Sriwijaya State Polytechnic (in Indonesian: Politeknik Negeri Sriwijaya), abbreviated as Polsri is a public polytechnic located in Palembang and Banyuasin, which is the provincial capital and regency of South Sumatra, Indonesia. It was established on September 20, 1982.

== History ==
As the Pilot Plant of the Polytechnic, Swiss Mechanic Polytechnic – ITB was born in 1976. The products of this Polytechnic are very encouraging because the alumni are used in industries. For this success, it is then proposed to plan the procurement of Polytechnic education in various regions in Indonesia.

Sriwijaya State Polytechnic, formerly called the Sriwijaya University Polytechnic, was officially opened on September 20, 1982. In the first phase, the Polytechnic only had 2 (two) Departments, namely the Department of Civil Engineering and the Department of Mechanical Engineering with a maximum capacity of 576 students and with educational facilities, staff teachers and curricula assembled nationally and centralized at the Bandung Polytechnic Education Development Center (PEDC).

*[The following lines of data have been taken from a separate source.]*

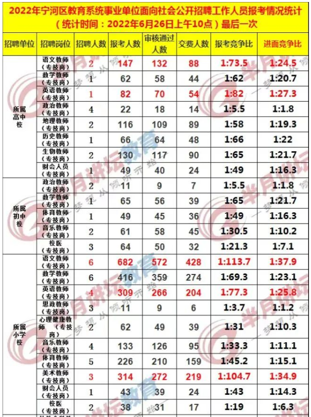 2023年一招单考学科,二招单考教综,2022年宁河区教招竞争比及进面分数
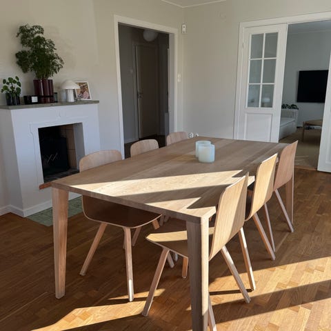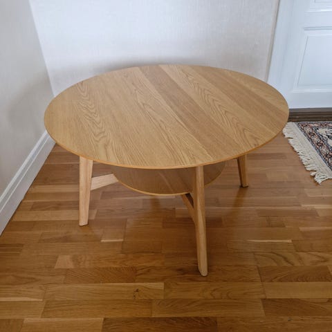 Säljer Bolia Fusion matbord i vitoljad massiv ek, designat av Michael H. Nielsen för Bolia. Bordet har en rund skiva med diameter 110 cm. Tillverkat av FSC-certifierat ekträ i Europa.
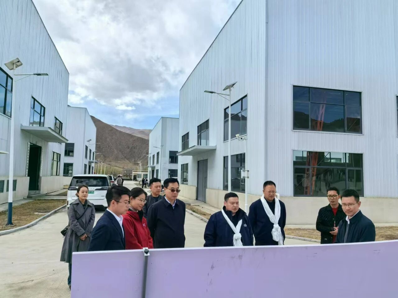 座谈会及签约仪式结束后,宾主双方对项目选址进行了现场查勘,当地少数民族工作人员为程力汽车集团董事长程阿罗等一行来宾,献上了最圣洁的哈达,以表达程力对援藏事业大力支持的感恩之情。
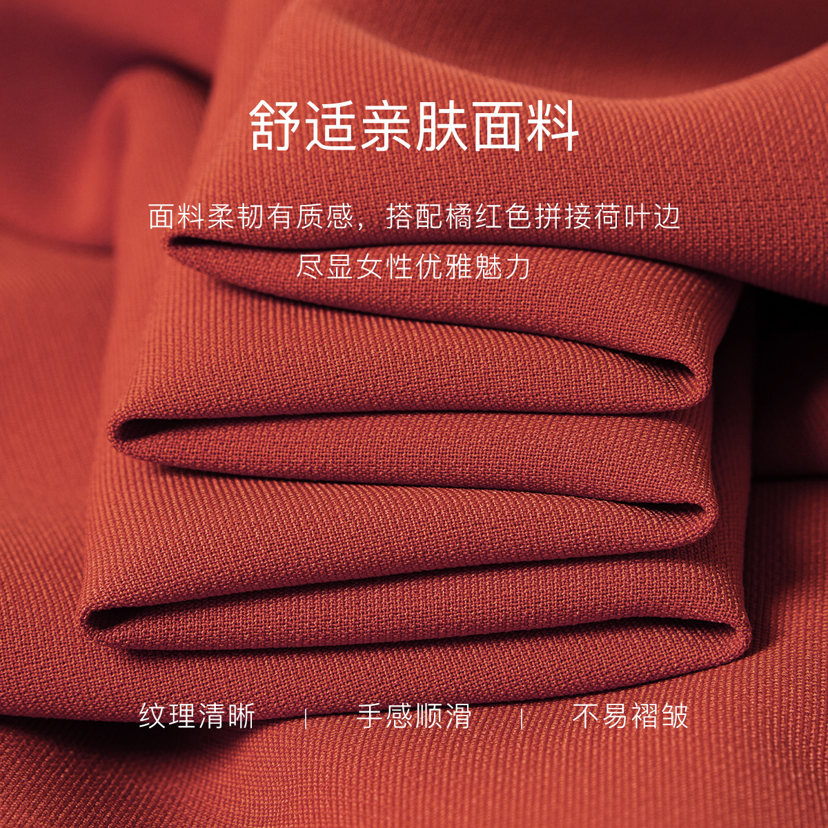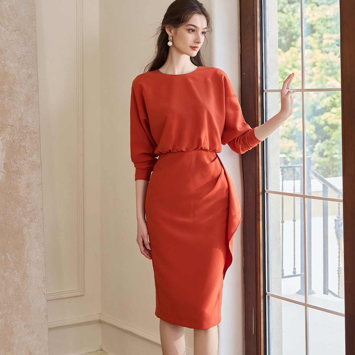 罗衣气质橘红色修身连衣裙2025秋季新款时尚蝙蝠袖包臀裙子10961
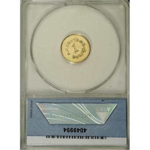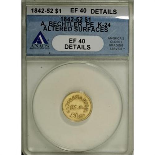<B>(1842-52) G$1 A. Bechtler Dollar, 27G. 21C., Plain Edge--Altered Surfaces--ANACS. XF40 Details.</B></I> K-24, R.3. Bright yellow-gold surfaces have been polished, and reveal numerous hairlines. Repairs have been made on the central reverse.<BR><BR><b>Shipping:</b> Coins & Currency (<a target="_blank" href="http://www.heritageauctions.com/common/shipping.php">view shipping information</a>)
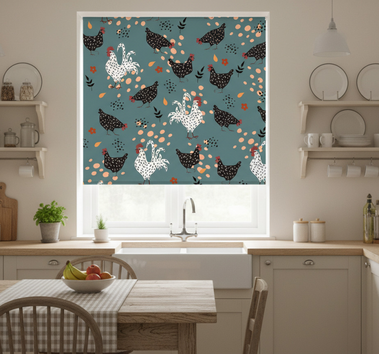 Rullgardin kök med svarta och vita höns och blommor
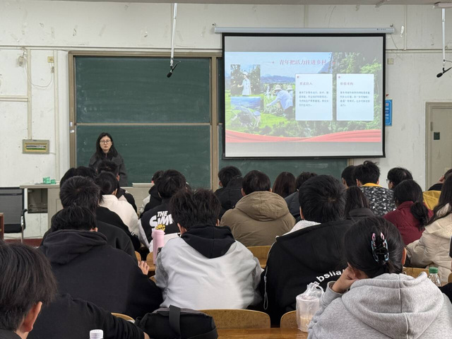 宣讲中,团干宣讲员张儒雅老师以“全会精神领航:新时代青年扎根乡土,点亮乡村振兴”为主题,结合全会提出的“加快农业农村现代化”要求,分享了大学生运用AI技术助力乡村数字教育、农产品电商推广的案例,鼓励学子传承学校“百折不挠、追求卓越”的二师精神,将专业所长融入乡村振兴实践。
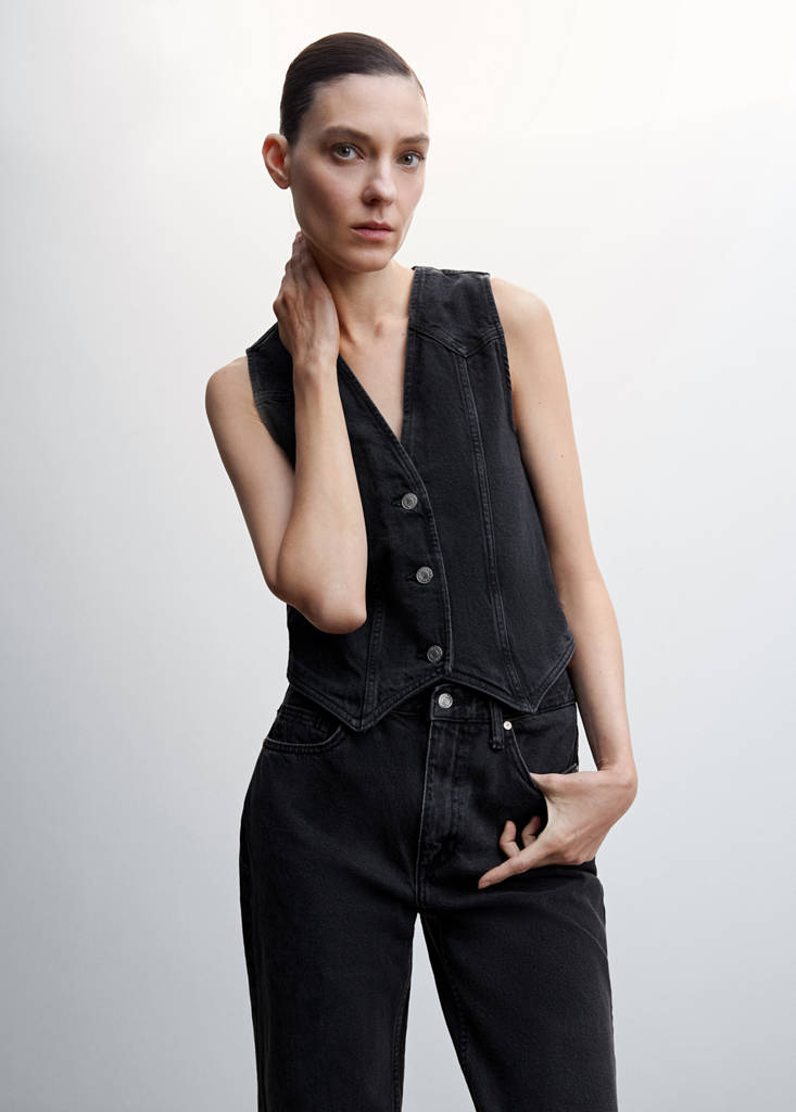 Жилет из денима с декоративными строчками
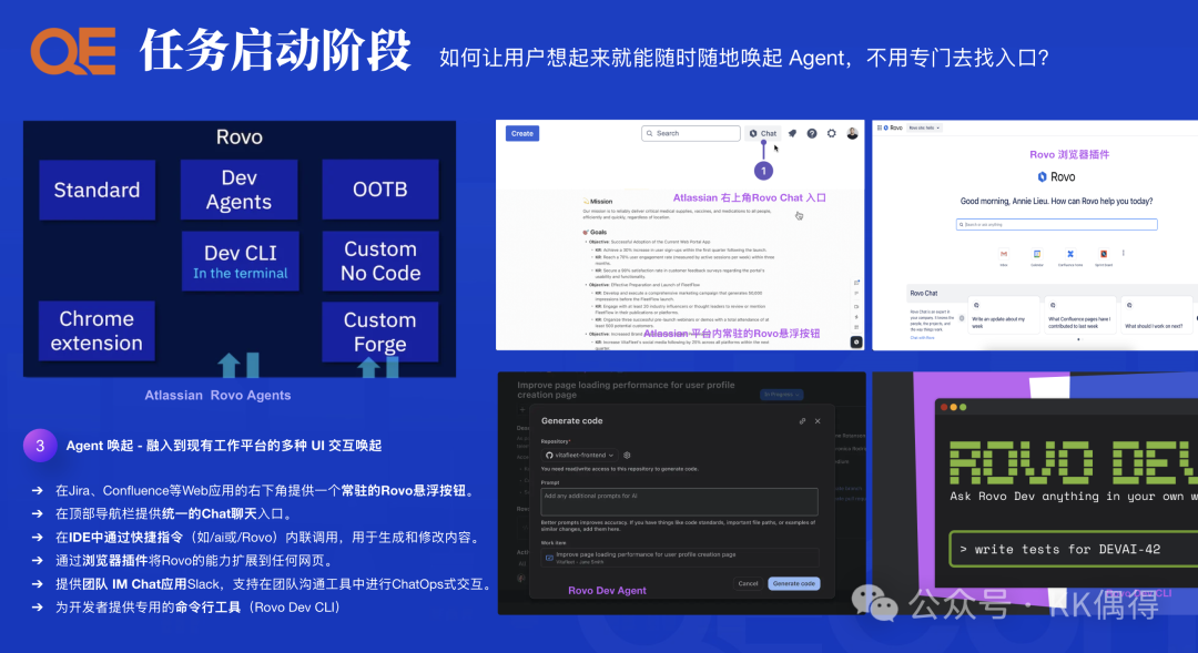 - 案例:Atlassian Rovo Rovo 采用了环境适配(Environment Adaptability) 模式。它不仅仅是一个网页,而是化身为 Jira/Confluence 右下角的常驻悬浮按钮、IDE 中的内联指令、以及覆盖任意页面的浏览器插件。这意味着 Agent 就在手边,用户无需离开当前工作流,极大地减少了切换成本。

In the second phase in 1987 the Polytechnic expanded the field of engineering and gave birth to the field of Commerce. The engineering fields developed were the Departments of Electrical Engineering, Electronics Engineering, Telecommunication Engineering and Industrial Chemical Engineering, while the field of Commerce consisted of the Department/Study Program for Secretarial Accounting which began in the 1986 academic year. Then in 1992 the Department of Commerce developed into two majors, namely the Department of Accounting and Commerce Administration. The experts participating in developing the engineering field are from Swiss Contact while Tata Commerce is from Australia.

In 2002/2003 two new departments were developed, namely Computer Engineering and Informatics Management, whose establishment was stipulated through a letter from the Director General of Higher Education (Dirjen Dikti) number 2800/D/T/2001. In the 2004/2005 academic year, Sriwijaya State Polytechnic again developed a new department, namely the English Department of Tourism and Hospitality Business English Study Program based on permission from the Director General of Higher Education number 3818/D/T/2003.

== Academics ==
Sriwijaya State Polytechnic has 9 departments and 25 study programs as follows:

=== Diploma I (Study Program Outside Domicile/PDD) (Closed) ===
- Informatics Management Informatics Management Study Program (Pagaalam City)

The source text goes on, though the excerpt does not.